African American actress, director and the owner of a production company called Victory Entertainment, Kim Fields is best known to TV audiences for her roles of Dorothy 'Tootie' Ramsey on the NBC long running sitcom “The Facts of Life” (1979-1988), from which she won two Young Artist Awards, and Regina Hunter on the hit Fox sitcom “Living Single” (1993-1998), where she received a 1996 Image nomination. She also directed the docudrama “Silent Bomb” (1994), the miniseries “A Royal Birthday” (2006, also co-wrote) and appeared in and directed several TV episodes. She will soon appear in Todd Tucker’s “Monster Mutt” (2010) and provide the voice of Sonya in the animated movie “Stork” (2010).

Fields was married to Johnathon Franklin Freeman from 1995 to 2001. She is currently the wife of actor Christopher Morgan and the mother of a young son named Sam. One of VH1's “100 Greatest Kid Stars,” she dated fellow “Living Single” cast member John Henton for a year. In 1999, Fields was arrested while protesting the police shooting of a black woman in Riverside, California.


Childhood and Family:

Kim Victoria Fields was born on May 12, 1969, in New York, New York. Her mother is actress Chip Fields (born on August 5, 1951) from the sitcom “Good Times.” Kim is the older sister of actress Alexis Fields (born on March 3, 1979), who portrayed Diavian Johnson in “Sister, Sister.” She also has a sister named Jere Fields who was the voice of Misty Magic in the 1981 series “Kid Superpower Hour with Shazam!”

Raised in Los Angeles, Kim attended Burbank High School where she became a baseball manager and worked in the office. She also acted in school plays and was selected “Most Talented” by her school peers. She graduated high school in 1986. Kim later received a degree in broadcast journalism and TV production from Pepperdine University in Malibu, California.

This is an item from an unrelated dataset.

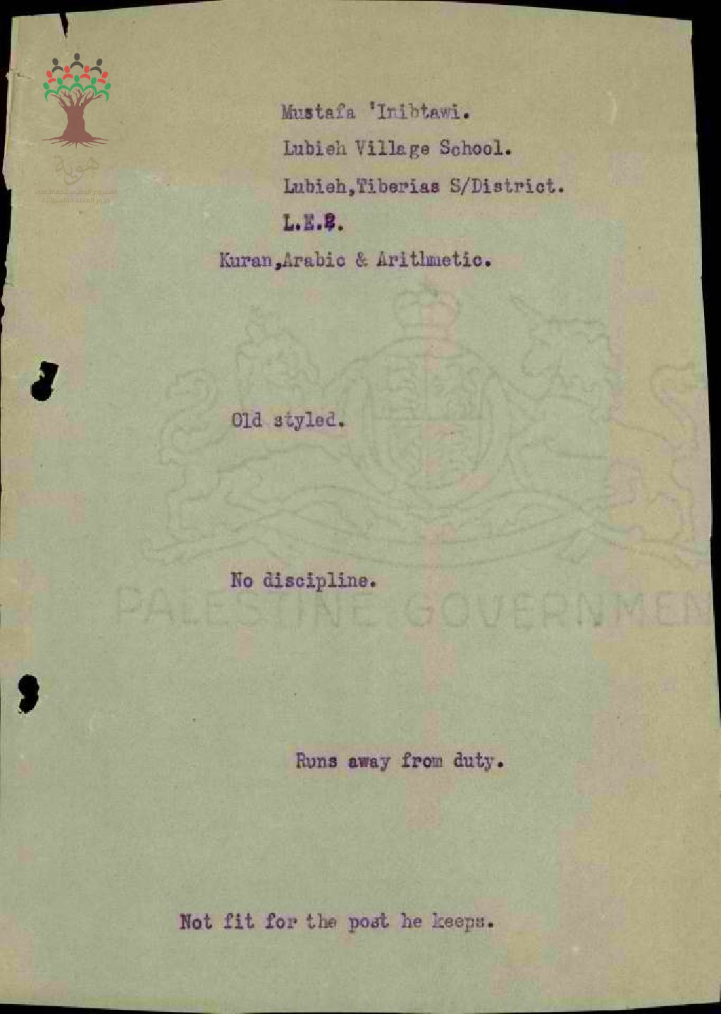تقرير عن أداء المعلم مصطفى عنبتاوي في مدرسة لوبيا سنة 1922

Kim Fields, whose nicknames are Ruth, Kimmy and The Vet, was married to Johnathon Franklin Freeman from 1995 to 2001. On May 4, 2007, she gave birth to a son they named Sebastian Alexander Morgan (Sam) with her fiancé, actor Christopher Morgan. The couple married on July 23, 2007, in a private ceremony. Kim is a member of the Delta Sigma Theta Sorority.

Living Single


Coming from a show business family, Kim Fields began her career at age 3 when she made her acting debut in “Come Back, Charleston Blue” (1972). In 1974, she received a role in the film “The Taking Of Pelham 1-2-3.” She broke into the small screen four years later when she landed the role of Angie Ellis on the short lived sitcom “Baby, I'm Back” (1978). She next appeared as Janet Jackson's friend in two episodes of “Good Times” (1978-79) and took the role of Lydia Haley in the miniseries “Roots: The Second Generation” (1978).

Fields did not hit the big time until she won the role of Dorothy 'Tootie' Ramsey on the NBC sitcom “The Facts of Life,” which ran from 1979 to 1988, after being spotted in a commercial for pancake syrup, Fields picked up Young Artists awards in 1981 and 1982 in the category of Best Young Comedienne for her performance. Her mother, Chip Fields, also appeared in two episodes of the sitcom.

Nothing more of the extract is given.